▸ **Material for this exercise**
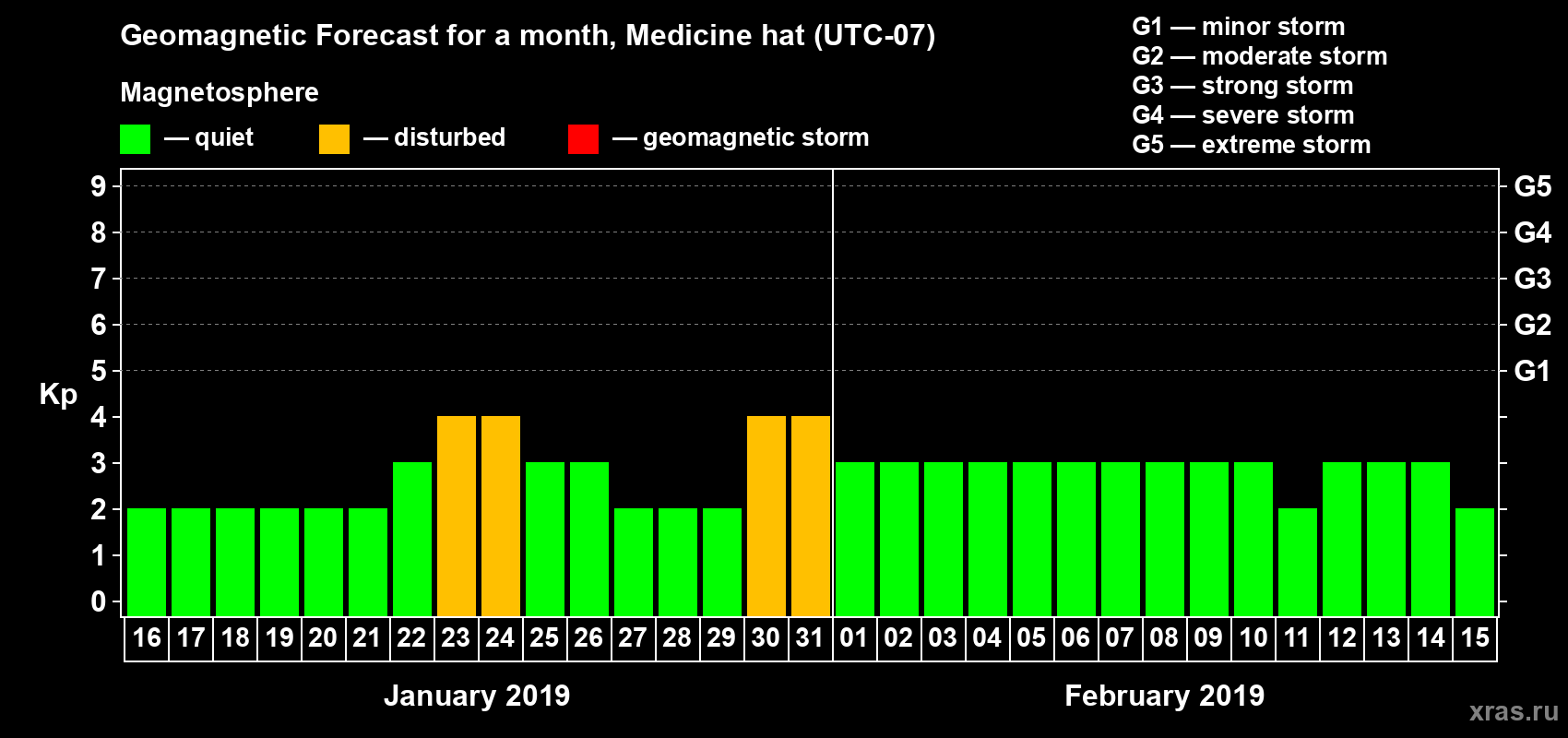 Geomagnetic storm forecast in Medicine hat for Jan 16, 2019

--

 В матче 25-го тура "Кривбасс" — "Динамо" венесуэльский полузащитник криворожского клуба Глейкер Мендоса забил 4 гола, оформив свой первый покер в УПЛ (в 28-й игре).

==

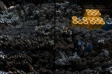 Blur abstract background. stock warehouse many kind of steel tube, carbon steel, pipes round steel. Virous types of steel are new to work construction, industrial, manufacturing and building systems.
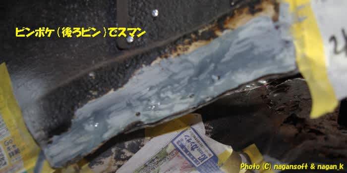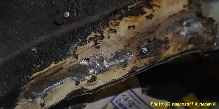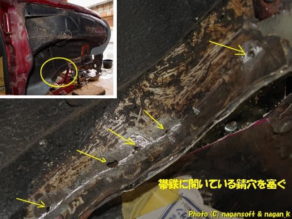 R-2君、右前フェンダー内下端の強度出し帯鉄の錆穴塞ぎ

▸ **Work item**
Of the lines above, quote exactly those from the one with "Blur abstract background." through the one with "R-2君、右前フェンダー内下端の強度出し帯鉄の錆穴塞ぎ", ends included; pictures stay out.

▸ **Response**
 Blur abstract background. stock warehouse many kind of steel tube, carbon steel, pipes round steel. Virous types of steel are new to work construction, industrial, manufacturing and building systems.
 R-2君、右前フェンダー内下端の強度出し帯鉄の錆穴塞ぎ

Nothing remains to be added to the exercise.